L4 malaise: The recent shutdown of Ford-backed robotaxi startup Argo AI and the leadership reshuffle of TuSimple have shocked the U.S. self-driving tech industry, adding uncertainties to the future of L4 autonomy, which indicate no human intervention in the driving. Given a macroeconomic slowdown, investors favor businesses that can bring positive cash flow.
It’s still unknow how the aftermath will affect Chinese robotaxi companies. WeRide.ai, a Guangzhou-based AV startup, seems unfazed as CEO Tony Han said on social media that the company has enough cash to live for another 6-7 years without generating any revenue.
Trending Research
Semantically-Aligned Universal Tree-Structured Solver for Math Word Problems
Researchers from Sun Yat-sun University and Dark Matter AI proposed a simple but efficient method called Universal Expression Tree (UET) to make the first attempt to represent the equations of various MWPs uniformly. Experimental results on several MWPs datasets show that the model can solve universal types of MWPs and outperforms several state-of-the-art models.
UPainting: Unified Text-to-Image Diffusion Generation with Cross-modal Guidance
Researchers from Baidu proposed UPainting to unify simple and complex scene image generation.
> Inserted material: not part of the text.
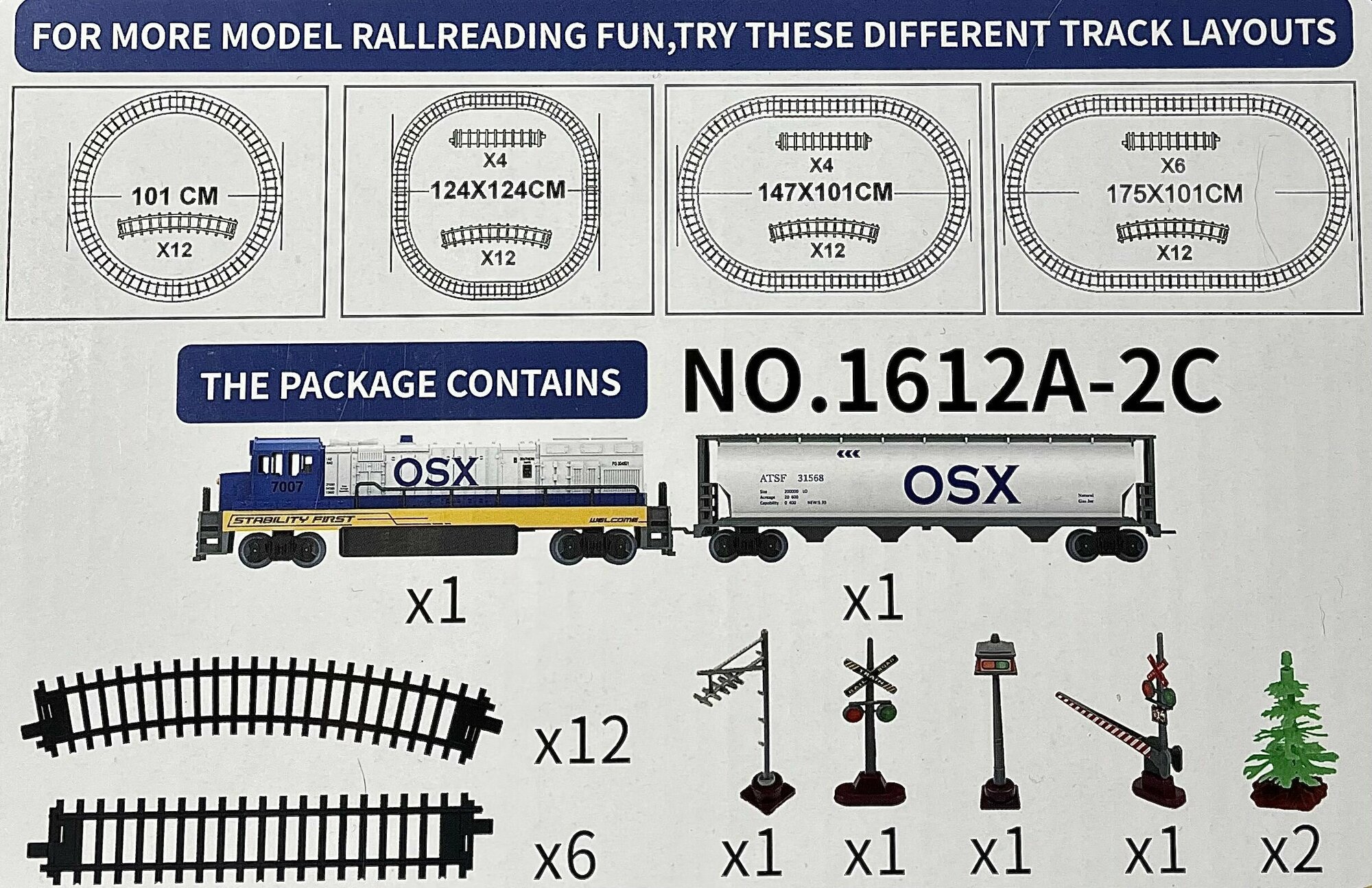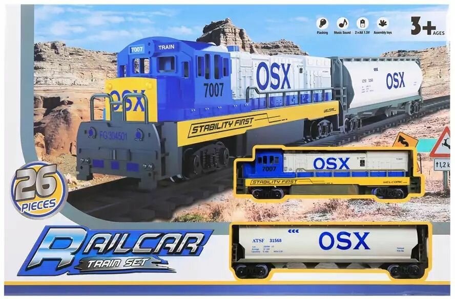 | Комплектация | рельсы / 2 вагона / декорации. |

Based on architecture improvements and diverse guidance schedules, UPainting effectively integrates cross-modal guidance from a pretrained image-text matching model into a text conditional diffusion model that utilizes a pretrained Transformer language model as the text encoder. UPainting greatly outperforms other models in terms of caption similarity and image fidelity in both simple and complex scenes.
ChiQA: A Large Scale Image-based Real-World Question Answering Dataset for Multi-Modal Understanding
Researchers from Tencent introduced a new question answering dataset based on image, named ChiQA. It contains the real-world queries issued by internet users, combined with several related open-domain images. ChiQA contains more than 40K questions and more than 200K question-images pairs. Data analysis shows ChiQA requires a deep understanding of both language and vision, including grounding, comparisons, and reading.